For any \({{\textbf {q}}} \in \left\{ {{\textbf {q}}}\in \left\{ 0, 1, \ldots r \right\} ^{p}: \sum _{j=1}^p q_j = r\right\} \) and \(r = 2, 3,\ldots , 2K-1\), \(E \left( \prod _{j=1}^{p} \beta _{ij}^{q_{j}}\right) \) and \(\sigma _r\) are identified under Assumptions 1 and 6.

Proof

For \(r=2,3,\ldots ,2K-1\), sum (4.5) and (4.6) over i,  go through the same steps as in the proof of Theorem 1, then by Assumptions 6(a) to (c), we have (for \( n\rightarrow \infty \))

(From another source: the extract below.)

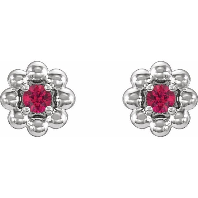 Sterling Silver Natural Ruby Petite Flower Beaded Earrings Comes Set With
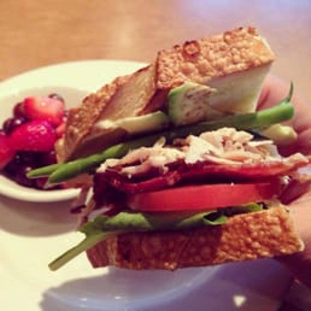 Smoked turkey, ham, bacon, cheddar cheese, lettuce, tomato, and mayonnaise on toasted multi-grain bread.

$$\begin{aligned} \varvec{\rho }_{r,0}^{\prime }\varvec{\Lambda }_{r}E\left[ \varvec{\tau }_{r}\left( \varvec{\beta }_{i}\right) \right] +\sigma _{r}&=\varvec{\rho }_{r,0}-\sum _{s=2}^{r-1}\left( {\begin{array}{c}r\\ s\end{array}}\right) \varvec{\rho }_{0,r-s}\varvec{\Lambda }_{r-s}E\left[ \varvec{\tau }_{r-s}\left( \varvec{\beta } _{i}\right) \right] \sigma _{s}, \end{aligned}$$
(4.7)
$$\begin{aligned} \varvec{\Xi }_{r,r}\varvec{\Lambda }_{r}E\left[ \varvec{\tau } _{r}\left( \varvec{\beta }_{i}\right) \right] +\varvec{\rho }_{0,r}\sigma _{r}&=\varvec{\rho }_{r,r}-\sum _{s=2}^{r-1}\left( {\begin{array}{c}r\\ s\end{array}}\right) \varvec{\Xi }_{r,r-s} \varvec{\Lambda }_{r-s}E\left[ \varvec{\tau }_{r-s}\left( {\varvec{{\beta }}}_{i}\right) \right] \sigma _{s}. \end{aligned}$$
(4.8)

Note that

$$\begin{aligned} {{\textbf {M}}}_{r}= \begin{pmatrix} \varvec{\Xi }_{r,r} &{} \varvec{\rho }_{0,r} \\ \varvec{\rho }_{0,r}^{\prime } &{} 1 \end{pmatrix} \begin{pmatrix} \varvec{\Lambda }_{r} &{} {{\textbf {0}}} \\ {{\textbf {0}}} &{} 1 \end{pmatrix}, \end{aligned}$$

is invertible since \(\det \left( {{\textbf {M}}}_{r}\right) =\det \left( \varvec{\Xi }_{r,r}-\varvec{\rho }_{0,r}\varvec{\rho }_{0,r}^{\prime }\right) \det \left( \varvec{\Lambda }_{r}\right) >0,\) for \(r=2,3,\ldots ,R\), by Assumption 6(d). As a result, we can sequentially solve (4.7) and (4.8) for \(E\left[ \varvec{\tau }_{r}\left( \varvec{\beta }_{i}\right) \right] \) and \(\sigma _{r}\), for \(r=2,3,\ldots ,2K-1\). \(\square \)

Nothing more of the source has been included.